I just tried the Battlfront Beta and the highest temp from CPUID measured 67oc the other temps on the other cores ranged from 60 to 66.

I was running at ultra at 1900x1200 on a 980Ti.
l
It's just this is the first demanding game I've ran since building the system, normal temps are around 30 and it's just dropped instantly when I left the game down to the low 30's like it normally is.

I also just had steam running and CPUID that was it, no browsers open.
 

Kezen

Banned
So do these temps seem too high for an I5-4690k at stock speeds with an aftermarket cooler?

I just tried the Battlfront Beta and the highest temp from CPUID measured 67oc the other temps on the other cores ranged from 60 to 66.

I was running at ultra at 1900x1200 on a 980Ti.

It's just this is the first demanding game I've ran since building the system, normal temps are around 30.

I also just had steam running and CPUID that was it, no browsers open.

What's the cooler ? 66 is not dangerous for a CPU.
 
So do these temps seem too high for an I5-4690k at stock speeds with an aftermarket cooler?

I just tried the Battlfront Beta and the highest temp from CPUID measured 67oc the other temps on the other cores ranged from 60 to 66.

I was running at ultra at 1900x1200 on a 980Ti.

It's just this is the first demanding game I've ran since building the system, normal temps are around 30.

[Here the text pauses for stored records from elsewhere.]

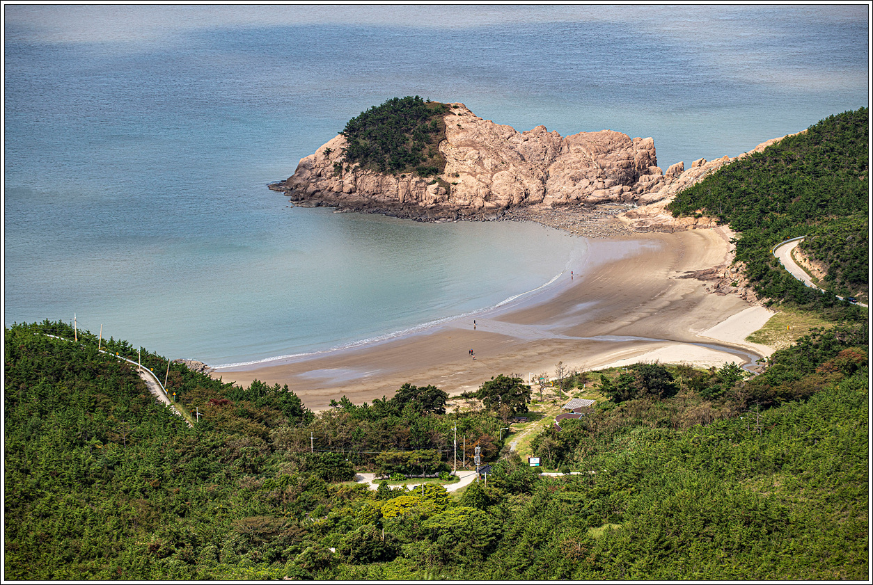 ▽ 정자쉼터에 미니버스가 도착하고 모두 탑승하여 도초항으로 가는 도중 하트해변을 조망할 수 있는 지점에서 잠시 하차하여 풍경을 담아 본다.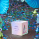 Fundo holográfico rosa, roxo e verde de menta. Personalize e adicione 2 fotos, nome, idade e data. Texto na tampa: Obrigado por vir!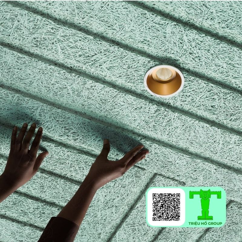 Cấu trúc sợi gỗ đan xen tạo nhiều khe rỗng giúp hấp thụ và tán xạ sóng âm hiệu quả, đặc biệt phù hợp cho các không gian trần cao như nhà hàng, sảnh khách sạn và hội trường.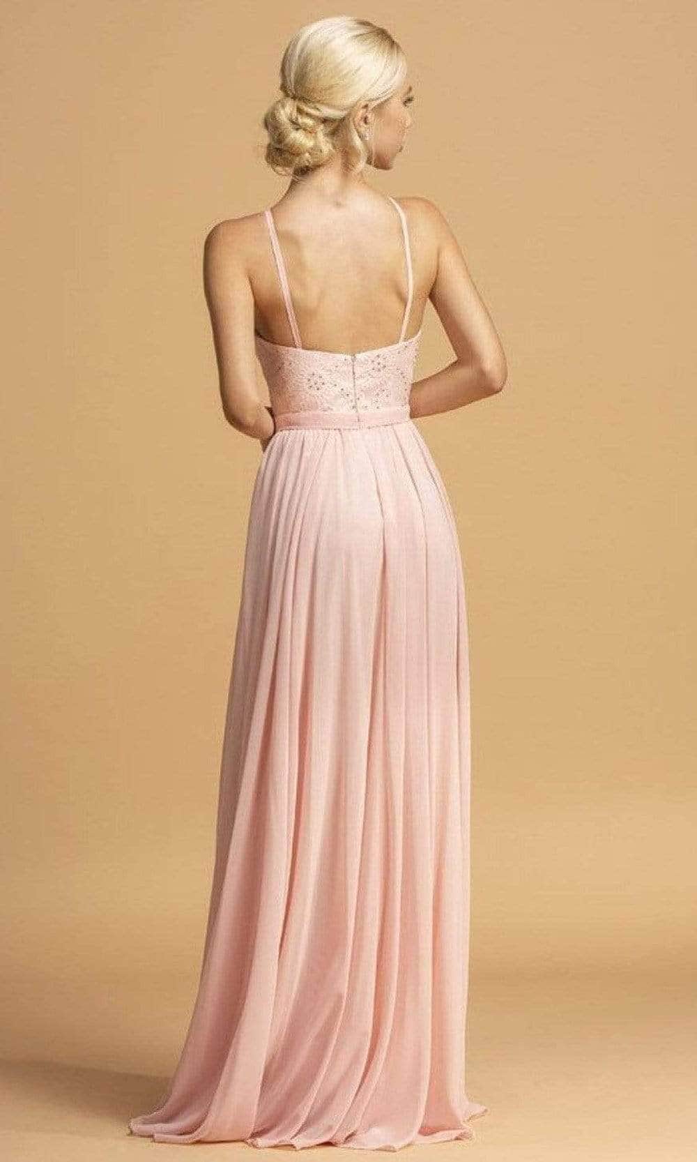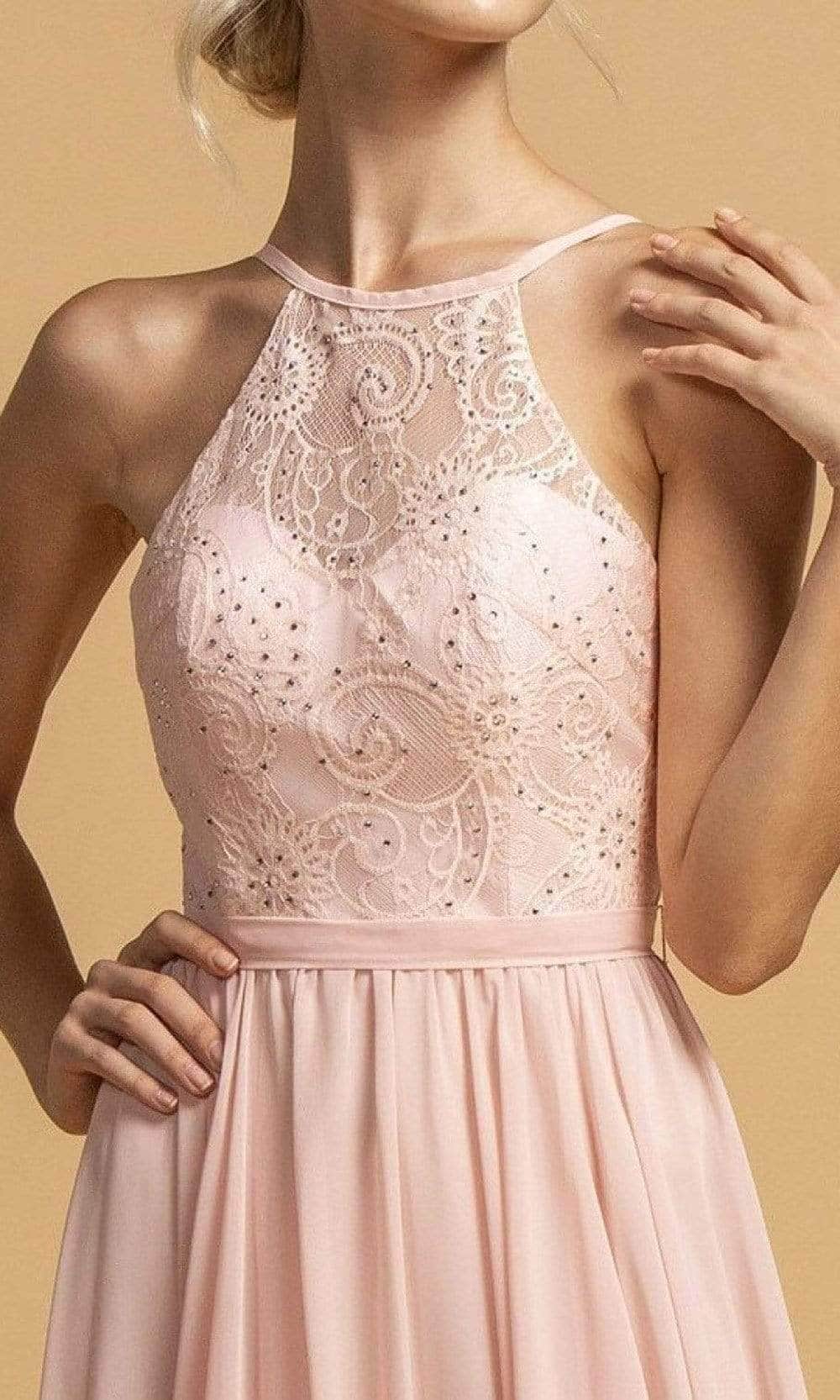 Traditional style gets a glam twist in a sophisticated dress from Trevi Collection L2105. This chiffon/lace gown enchants in a sleeveless, halter neckline with a fitted bodice. The skirt fashions a full length A-line silhouette. Get glam in this fabulous dress from Trevi Collection.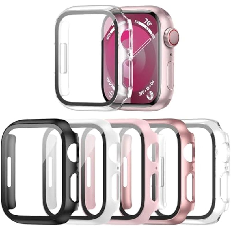 TELEFONIASMARTWATCHHaojavo Paquete de 5 fundas con protector de pantalla de vidrio templado para Apple Watch Series 9,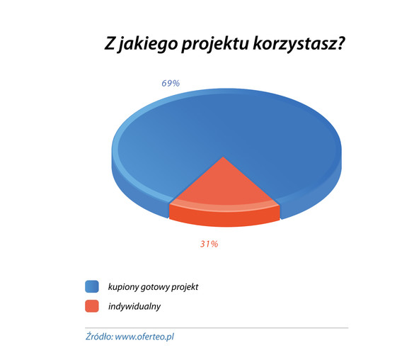Pierwszym krokiem do rozpoczęcia budowy domu jest decyzja o tym, jak budynek ma wyglądać, czyli wybór projektu. Polacy raczej rzadko decydują się na eksperymenty w tej kwestii. Tylko 31% domów będzie budowanych według indywidualnego i dedykowanego projektu – wynika z analizy zapytań składanych w Oferteo.pl. Pozostali użytkownicy wybierają kupno gotowego projektu, wśród których największą popularnością cieszą się projekty biura projektowego Archon „Dom w rododendronach” czy „Dom w idaredach”.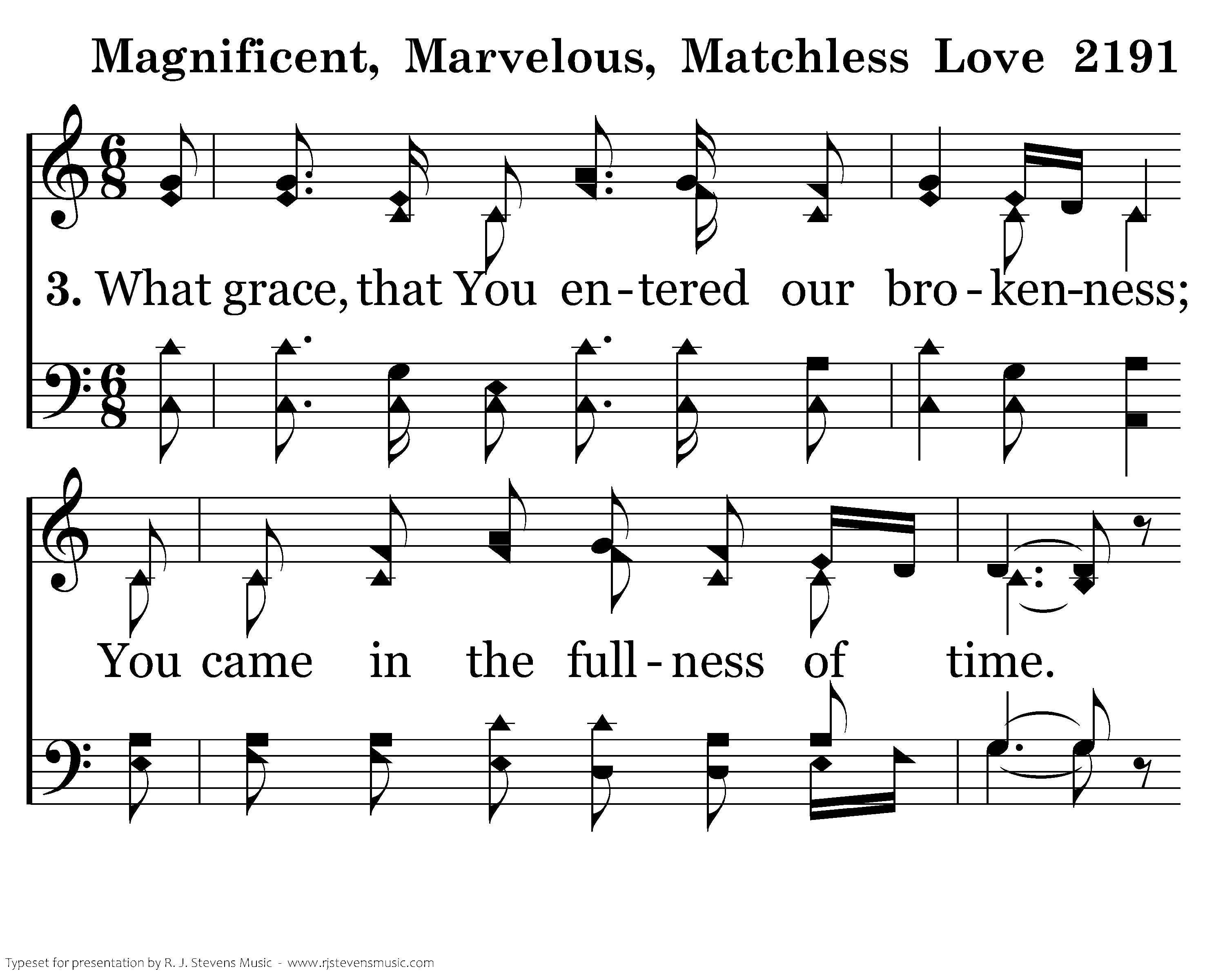 What grace, that You entered our brokenness; You came in the fullness of time. How far we had fallen from righteousness, But not from the mercies of Christ. Your cross is our door to redemption; Your death is our fullness of life. That day, how forgiveness flowed as a flood; Magnificent, marvelous, matchless love. United in Your resurrection, You lift us to infinite heights. Could anything sever or take us from Magnificent, marvelous, matchless love.

I also just had steam running and CPUID that was it, no browsers open.
It is not the best, but not bad either.

My 4670k, which is normally hotter than the 4690k, at 4.3 ghz with a cheap 212 evo has the same range on full load.
 
It's a Cryorig H5.



So nothing to cause major worry then, or a need to reapply the thermal paste, as that's a job I'd rather avoid. >:E
It also depends on your ambient temp and airflow in the case. But you don't have to do anything, that temp is fine.
As long as it stays under low 70, nothing to worry about.
 
Holy crap liquid cooling is NO JOKE.

Just threw on a Corsair H60. It was way freakin easy. I tried doing a liquid cool install 10 or so years ago and it was a nightmare. This took 20 minutes.

CPU temps went from around 70 degrees centigrade or so to consistent 48.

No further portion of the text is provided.